WORK TO BE COMPLETED:
Omit all pictures and transcribe only the lines in the entries below that run from the line with "Includes a 1967" through the line with "自分の作品はもちろん友だちの".

MATERIAL PROVIDED:
• • • •

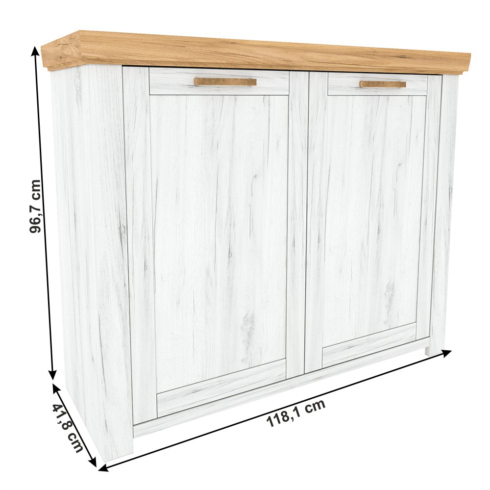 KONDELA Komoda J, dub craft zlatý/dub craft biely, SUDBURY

• • • •

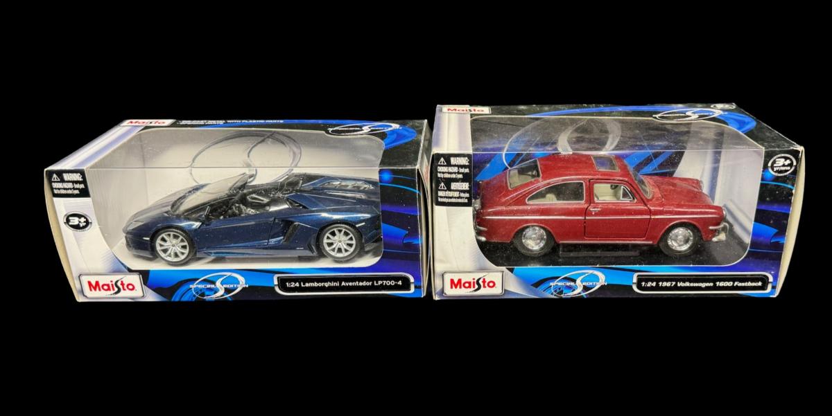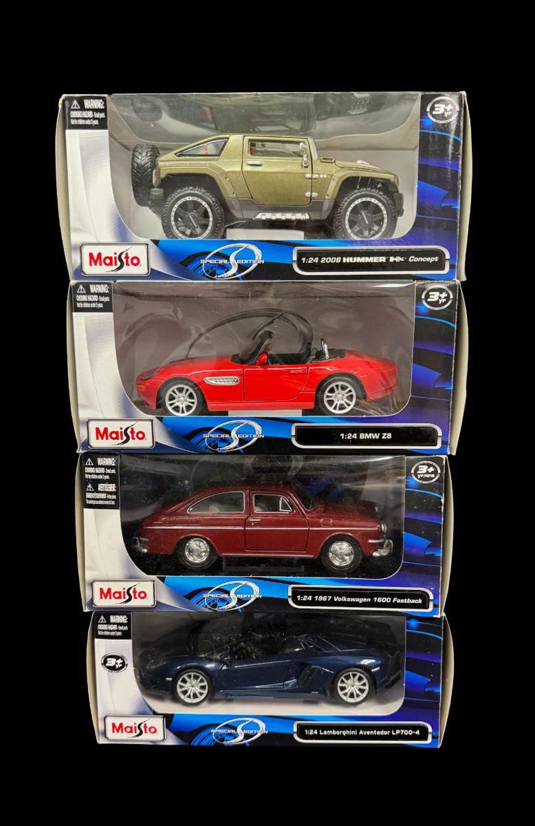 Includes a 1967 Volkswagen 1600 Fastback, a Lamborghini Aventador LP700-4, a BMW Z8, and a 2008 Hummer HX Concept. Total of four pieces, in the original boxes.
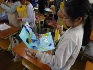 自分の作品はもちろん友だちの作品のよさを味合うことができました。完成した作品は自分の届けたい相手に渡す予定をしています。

• • • •

EXERCISE RESULT:
 Includes a 1967 Volkswagen 1600 Fastback, a Lamborghini Aventador LP700-4, a BMW Z8, and a 2008 Hummer HX Concept. Total of four pieces, in the original boxes.
 自分の作品はもちろん友だちの作品のよさを味合うことができました。完成した作品は自分の届けたい相手に渡す予定をしています。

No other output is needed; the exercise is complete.